Common Security Issues and Solutions
Authentication Problems
Authentication issues are among the most frequent security problems when working with Grafana Loki.
Symptom: Unable to access Loki API endpoints
If you're encountering "Unauthorized" or "Forbidden" errors when attempting to query Loki, you might be facing authentication issues.
Troubleshooting Steps:
- Check API Token Validity:
# Test your API token with a simple query
curl -H "Authorization: Bearer YOUR_TOKEN" \
http://your-loki-instance:3100/loki/api/v1/labels
- Verify Token Configuration in Grafana:
Navigate to Configuration → Data Sources → Loki and check if your authentication details are correct.
# Example of correct configuration in Grafana
apiVersion: 1
datasources:
- name: Loki
type: loki
access: proxy
url: http://loki:3100
basicAuth: true
basicAuthUser: your_username
secureJsonData:
basicAuthPassword: your_password
- Review Loki's Authentication Logs:
# Query Loki's internal logs for authentication failures
logcli query '{job="loki"} |= "authentication failed"'
Authorization and Access Control Issues
Symptom: Users can see logs they shouldn't have access to
Troubleshooting Steps:
- Review Tenant Configuration:
Loki uses multi-tenancy to isolate logs. Check if your tenant IDs are properly configured.
# Example tenant configuration in Loki
auth_enabled: true
server:
http_listen_port: 3100
# Tenant-specific configuration
multi_tenant_enabled: true
- Check Query Permissions:
# Test a query with X-Scope-OrgID header to verify tenant isolation
curl -H "X-Scope-OrgID: tenant1" \
http://your-loki-instance:3100/loki/api/v1/query_range \
-d 'query={job="system"}' \
-d 'start=1636000000' \
-d 'end=1636001000'
- Audit Access Patterns:
Enable audit logging to track who's accessing what data.
# Enable audit logging in Loki configuration
limits_config:
audit_log_enabled: true
TLS Certificate Issues
Symptom: Certificate validation errors or insecure connections
Troubleshooting Steps:
- Verify Certificate Validity:
# Check if the certificate is valid and hasn't expired
openssl x509 -in /path/to/cert.pem -text -noout | grep "Not After"
- Test TLS Handshake:
# Test the TLS handshake without sending any data
openssl s_client -connect your-loki-instance:3100
- Review TLS Configuration:
# Proper TLS configuration example
server:
http_listen_port: 3100
grpc_listen_port: 9096
http_server_read_timeout: 1m
http_server_write_timeout: 1m
grpc_server_max_recv_msg_size: 1024M
grpc_server_max_send_msg_size: 1024M
# TLS configuration
http_tls_config:
cert_file: /path/to/cert.pem
key_file: /path/to/key.pem
client_ca_file: /path/to/ca.pem
Security Monitoring and Auditing
Setting Up Alerting for Security Events
Monitoring security-related events is crucial for proactive troubleshooting.
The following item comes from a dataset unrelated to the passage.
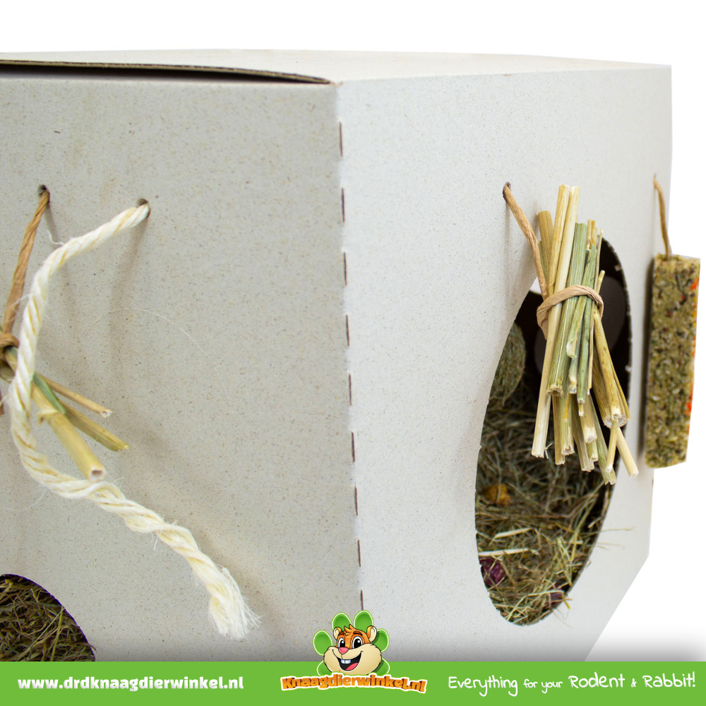 ✔ Voorgestanste openingen in de Graskarton box zorgen voor eenvoudige toegang tot het binnenste van de box, waar een geurig en vezelrijk hooi en verschillende knaag- en speelideeën wachten.

# Example Alerting Rule for Failed Authentication Attempts
groups:
- name: loki_security_alerts
rules:
- alert: HighNumberOfAuthFailures
expr: sum(count_over_time({job="loki"} |= "authentication failed"[15m])) > 10
for: 5m
labels:
severity: warning
annotations:
summary: High number of authentication failures
description: There have been more than 10 authentication failures in the last 15 minutes.
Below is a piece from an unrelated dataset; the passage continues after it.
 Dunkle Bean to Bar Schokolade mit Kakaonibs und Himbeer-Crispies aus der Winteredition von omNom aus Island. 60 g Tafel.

Debugging RBAC Configuration
Role-Based Access Control (RBAC) issues can be complex to troubleshoot.
To debug RBAC issues:
- Test with different user roles:
# Test with an admin user
curl -H "Authorization: Bearer ADMIN_TOKEN" \
http://your-loki-instance:3100/loki/api/v1/labels
# Test with a read-only user
curl -H "Authorization: Bearer READONLY_TOKEN" \
http://your-loki-instance:3100/loki/api/v1/labels
- Verify rule matching:
# Check which rules apply to a specific label query
curl -H "Authorization: Bearer YOUR_TOKEN" \
"http://your-loki-instance:3100/loki/api/v1/rules"
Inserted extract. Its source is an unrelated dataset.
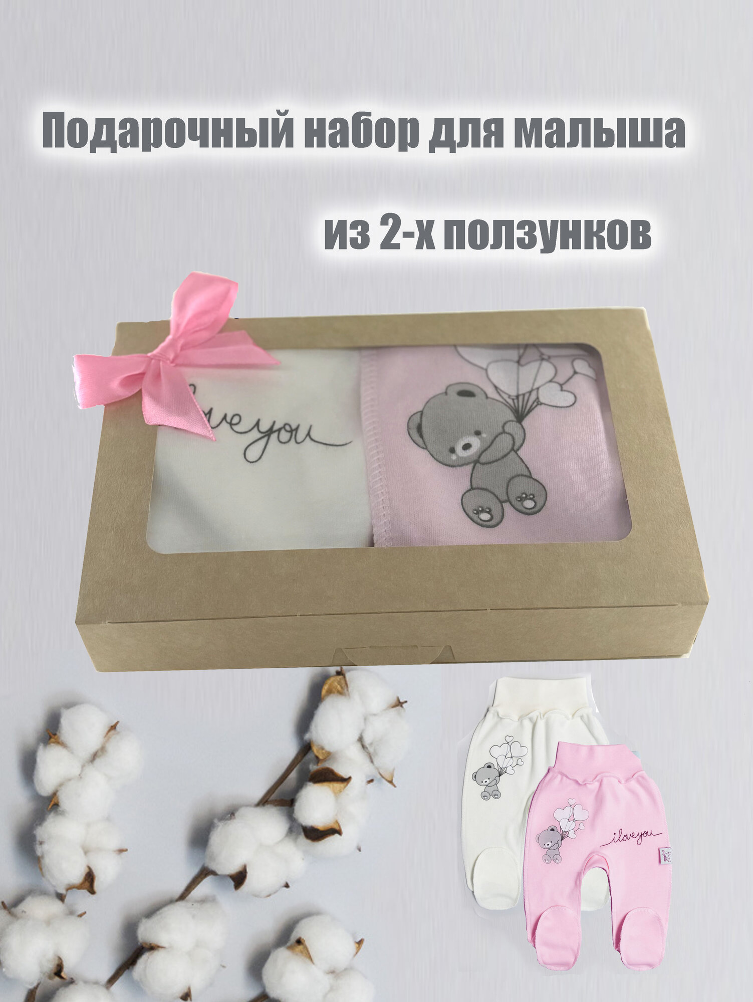 Ползунки Amelli С мишками, комплект из 2 шт., размер 56,62, бежевый, розовый интересное:

Secrets Management Troubleshooting
Symptom: Credentials exposed in logs or configurations
Troubleshooting Steps:
- Scan for exposed secrets:
# Use a tool like trufflehog to scan for secrets
trufflehog --regex --entropy=False /path/to/your/config/files
- Review environment variable usage:
# Safe way to handle secrets in Loki configuration
auth:
type: basic
basic:
username: ${LOKI_USERNAME}
password: ${LOKI_PASSWORD}
- Implement proper secrets rotation:
# Script to rotate API keys
#!/bin/bash
NEW_KEY=$(openssl rand -hex 16)
# Update key in secret store
kubectl create secret generic loki-api-key --from-literal=key=$NEW_KEY -n loki --dry-run=client -o yaml | kubectl apply -f -
# Restart services to pick up new key
kubectl rollout restart deployment/loki -n loki
Network Security Issues
Symptom: Unexpected network connectivity or blocked connections
Troubleshooting Steps:
- Test network connectivity:
# Check if Loki port is reachable
nc -zv your-loki-instance 3100
# Trace network path
traceroute your-loki-instance
- Review firewall rules:
# Check iptables rules affecting Loki
sudo iptables -L | grep 3100
- Verify network policies (in Kubernetes):
# Example NetworkPolicy allowing Grafana to access Loki
apiVersion: networking.k8s.io/v1
kind: NetworkPolicy
metadata:
name: allow-grafana-to-loki
spec:
podSelector:
matchLabels:
app: loki
ingress:
- from:
- podSelector:
matchLabels:
app: grafana
ports:
- protocol: TCP
port: 3100
Best Practices for Security Troubleshooting
- Establish a baseline: Know what normal operation looks like before issues arise.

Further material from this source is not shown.